Probing the Limits of Supramolecular G-Quadruplexes Using Atomistic Molecular Dynamics Simulations.

Guanosine and related derivatives self-assemble in the presence of cations like potassium into supramolecular G-quadruplexes (SGQs), where four guanine moieties form planar tetrads (T) that coaxially stack into columnar aggregates with broad size distributions. However, SGQs made from 8-aryl-2'-deoxyguanosine derivatives (8ArGs), form mostly octamers, or two-tetrad (2T)-SGQs, while some form dodecamers (3T-SGQs), or hexadecamers (4T-SGQs), and none reported to date form higher assemblies. A theoretical model that addresses the configurational space available for the multiple pathways available for 8ArGs to self-assemble into SGQs is used to frame a series of molecular dynamics simulations (MDS) with selected SGQs.
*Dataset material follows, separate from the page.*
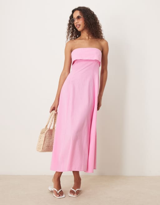ASOS DESIGN - Robe bandeau mi-longue à pli - Rose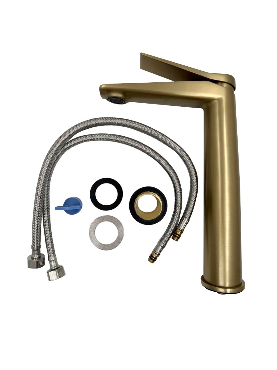 Корпус: латунь кат.A Цвет: Брашированное золото. Картридж: универсальный ESKO, 35мм Комплектация: пьедестал, крепление FixFit, гибкая подводка 50см, ключ для аэратора.

Some key insights from this work include: (a) The predicted entropic costs are not significantly higher for SGQs with more subunits due to their hierarchical assembly pathways; (b) The multiple isomeric SGQs vary in the interfacial contacts between consecutive tetrads, due to their two distinct sides (head, h; tail, t), with the MDS supporting the predicted order of stability of hh > ht > tt for octamers. (c) Such order also applies to dodecamers and hexadecamers, but with context-dependent exceptions due to strong allosteric effects. (d) The main factor disfavoring the tt interface is the repulsive dipolar interactions between the O4' from ribose moieties on adjacent tetrads. (e) SGQs with 5 or more tetrads are disfavored because the attractive interactions are not large or strong enough to overcome the many repulsive forces resulting from the addition of further tetrads. We expect these findings provide some guidelines to enable the further development of SGQs into functional materials.